PROVIDED DATA: Begin
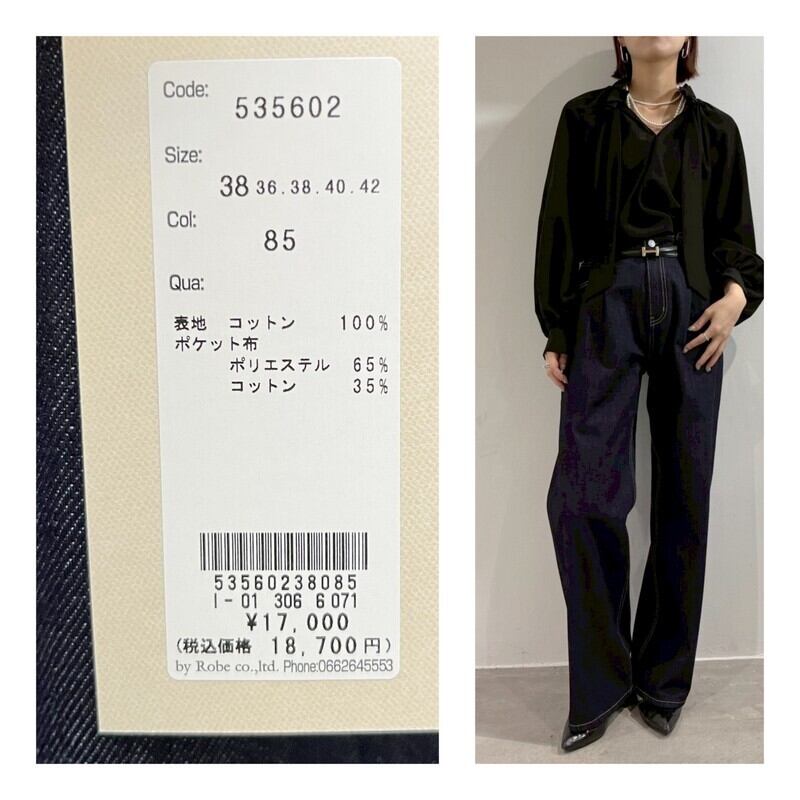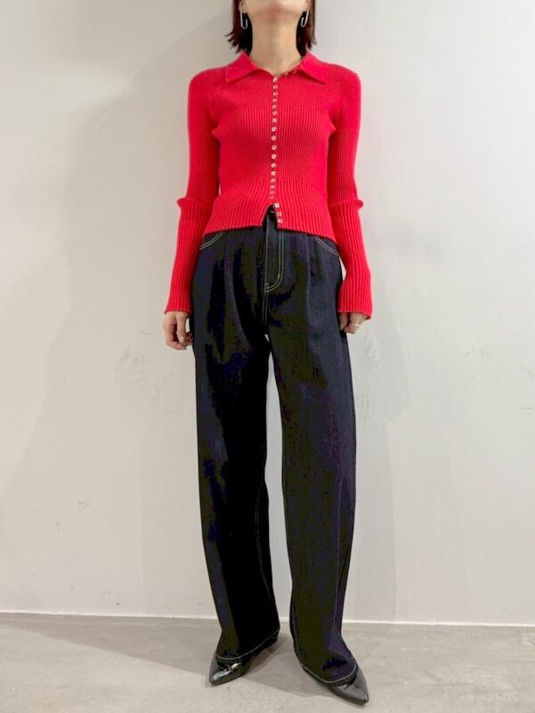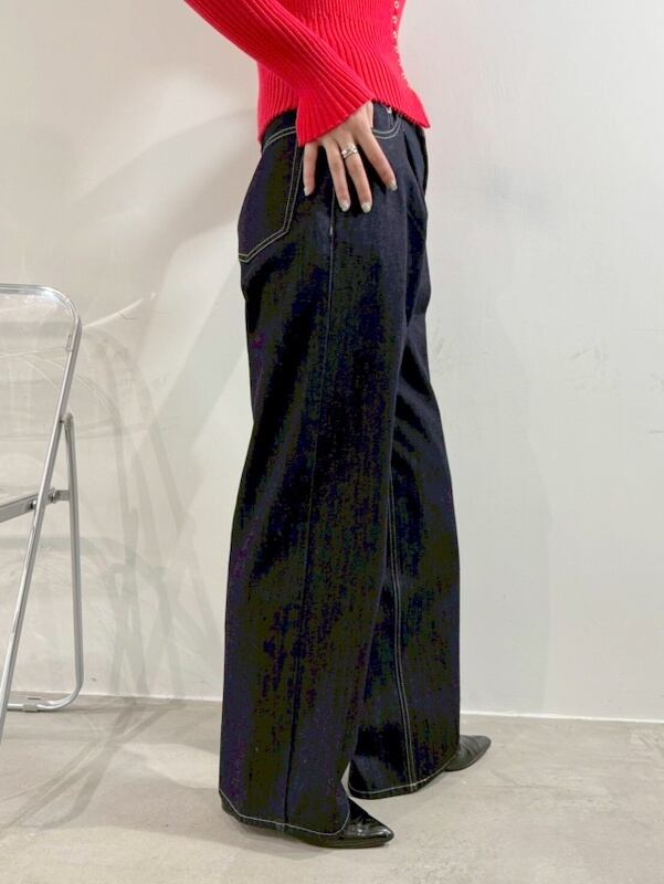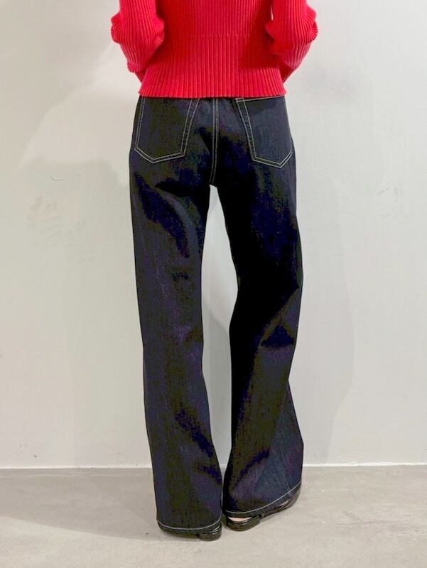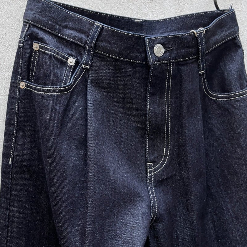 濃いめのワンウォッシュデニムのため落ち着いた印象で少し綺麗めよりにシックな雰囲気で着こなせます
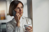 European business woman holding cup of coffee and talking phone while standing near window at office
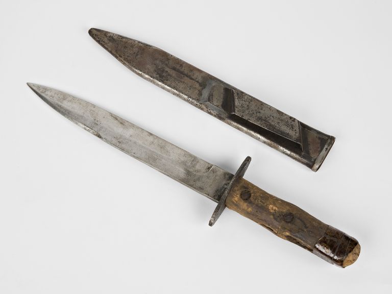 Pugnale in acciaio con spessa lama a fili convergenti, filo e controfilo, che si prolunga in un codolo diritto coperto da due guancette in legno chiaro assicurate da tre rivetti con rosette in ferro; l'impugnatura è lievemente sagomata e arrotondata all'estremità; la piccola guardia è ovale e piuttosto spessa. Il fodero è in acciaio brunito, recante su un lato il largo e sporgente passante per l'inserimento al cinturone.
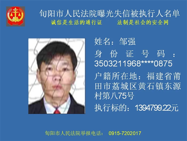 曝光失信 | 旬陽(yáng)法院發(fā)布2024年第一期失信被執(zhí)行人名單
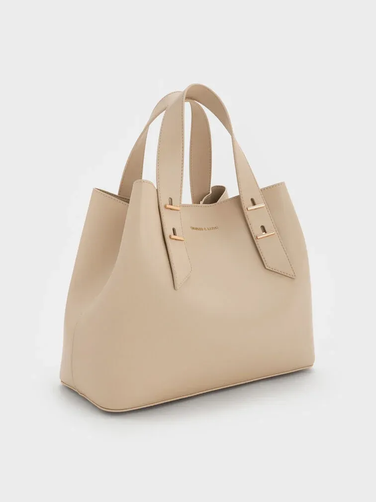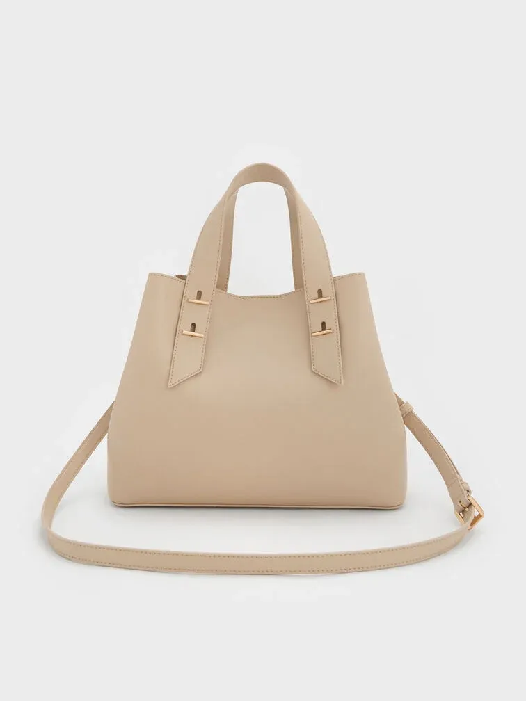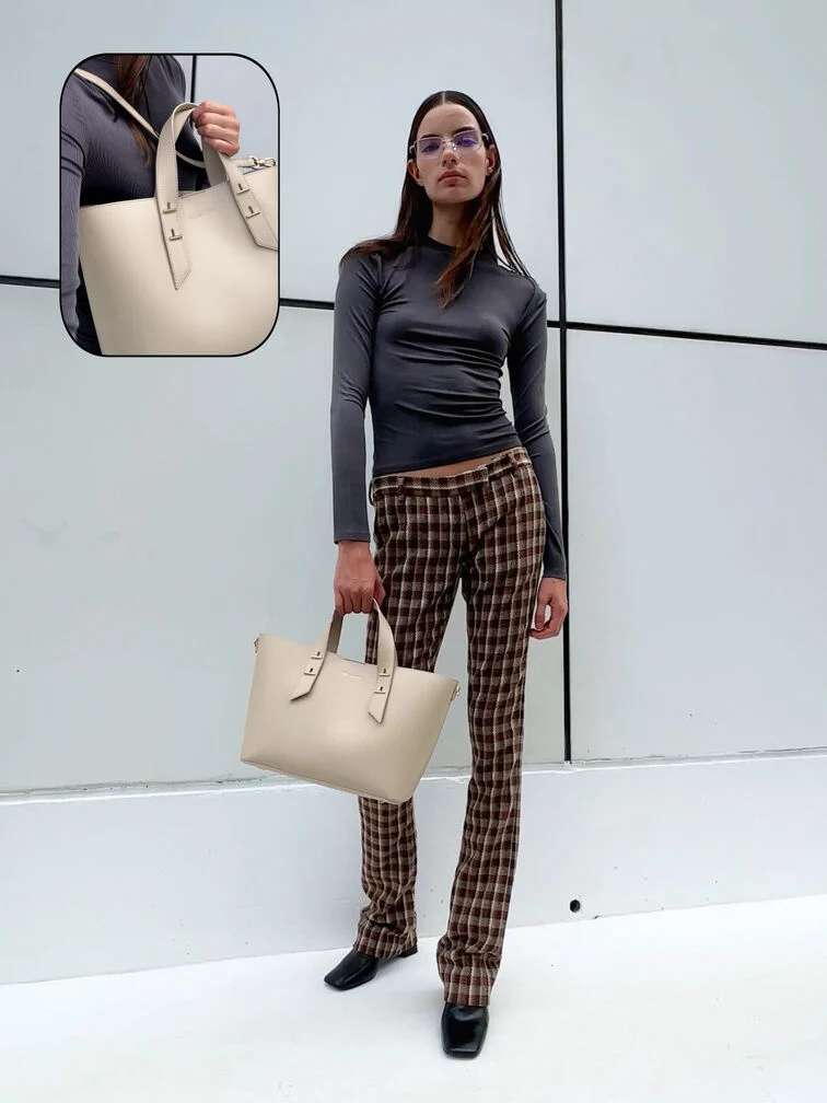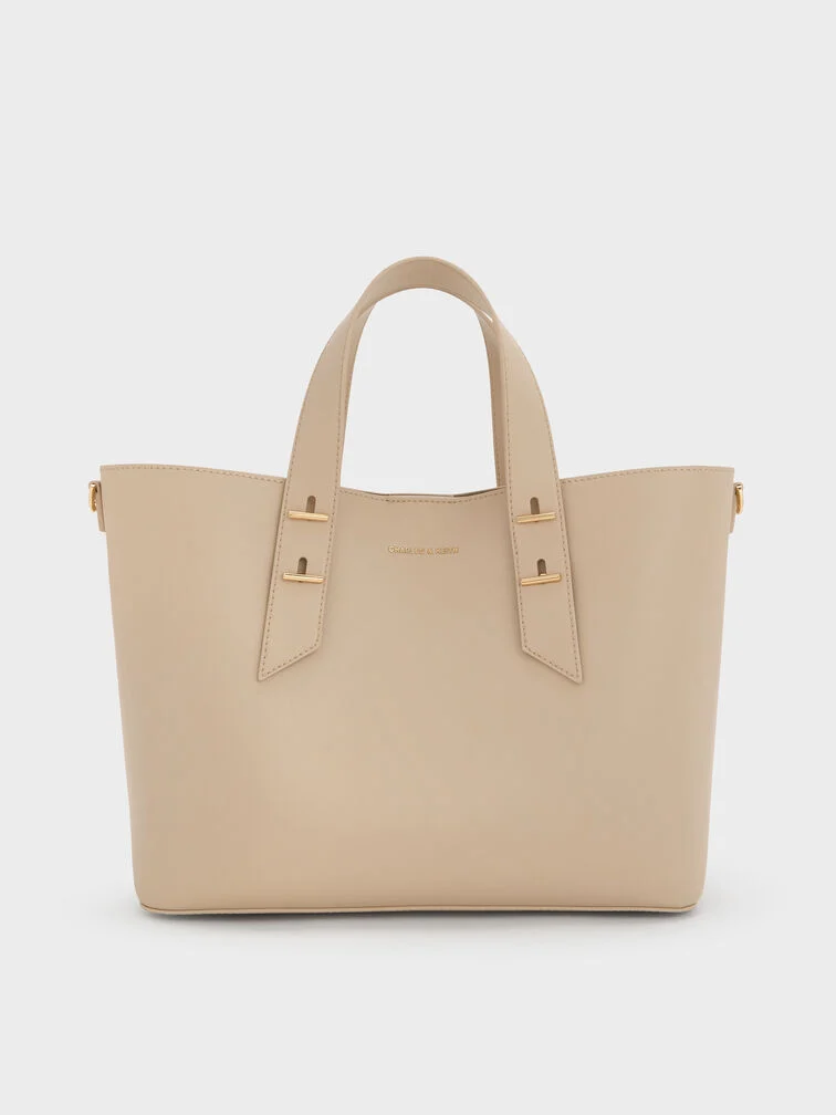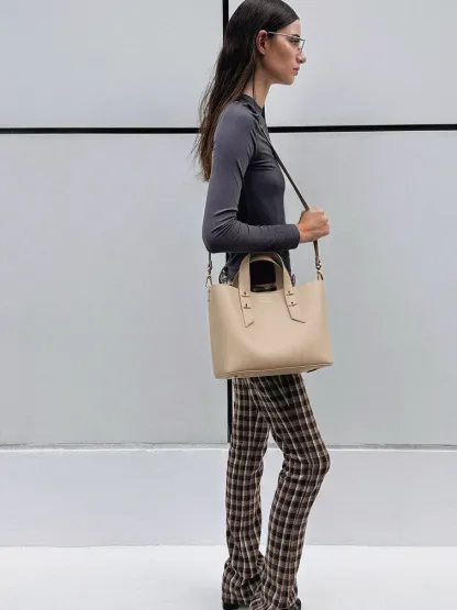 This Shania tote bag in oat features a softly structured silhouette, double handles and a spacious interior. It also comes with a detachable shoulder strap for hands-free convenience. The light neutral finish will match with everything in your wardrobe.
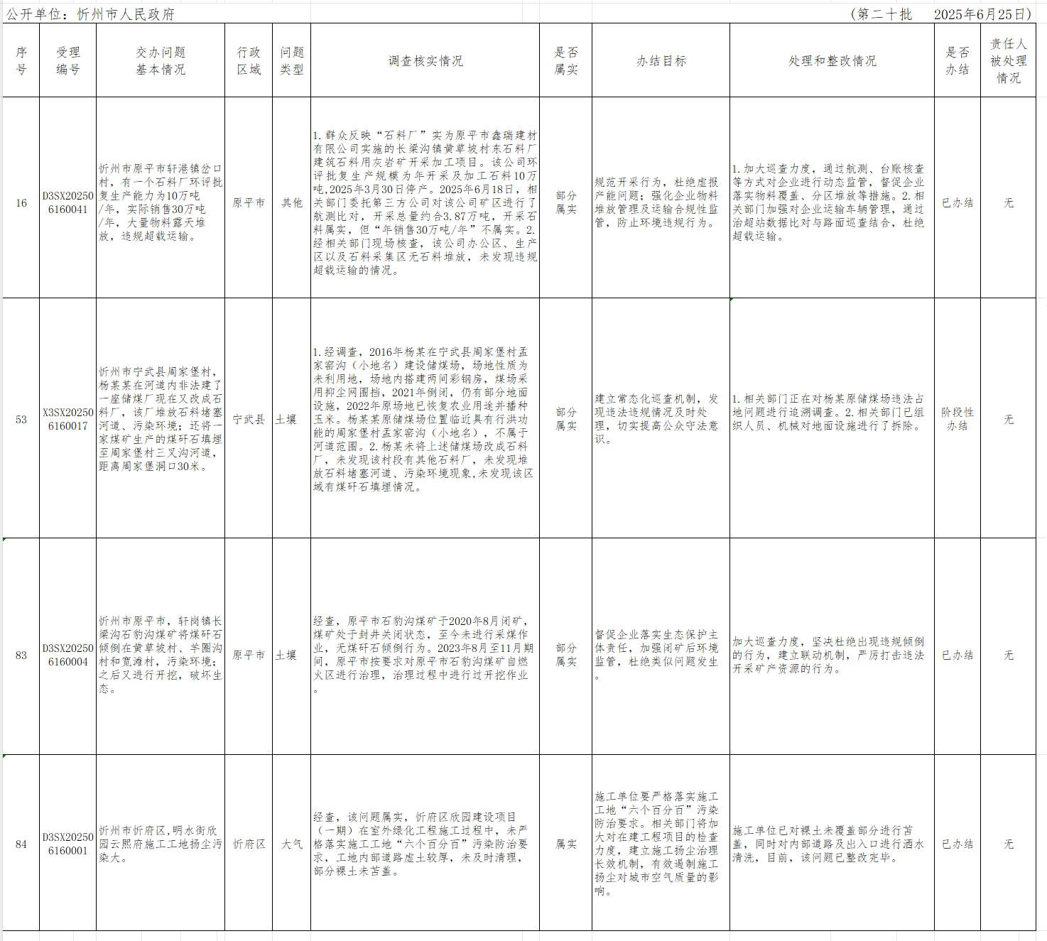 中央生態環境保護督察組群眾信訪舉報轉辦和邊督邊改公開情況一覽表(第二十批)
PROVIDED DATA: End
**WHAT THE TASK ASKS**
Only the lines from the one containing "European business woman" to the end of the listing belong in the answer, exactly as they stand and with no pictures.

**SOLUTION TO THE PROBLEM**
 European business woman holding cup of coffee and talking phone while standing near window at office
 Pugnale in acciaio con spessa lama a fili convergenti, filo e controfilo, che si prolunga in un codolo diritto coperto da due guancette in legno chiaro assicurate da tre rivetti con rosette in ferro; l'impugnatura è lievemente sagomata e arrotondata all'estremità; la piccola guardia è ovale e piuttosto spessa. Il fodero è in acciaio brunito, recante su un lato il largo e sporgente passante per l'inserimento al cinturone.
 曝光失信 | 旬陽(yáng)法院發(fā)布2024年第一期失信被執(zhí)行人名單
 This Shania tote bag in oat features a softly structured silhouette, double handles and a spacious interior. It also comes with a detachable shoulder strap for hands-free convenience. The light neutral finish will match with everything in your wardrobe.
 中央生態環境保護督察組群眾信訪舉報轉辦和邊督邊改公開情況一覽表(第二十批)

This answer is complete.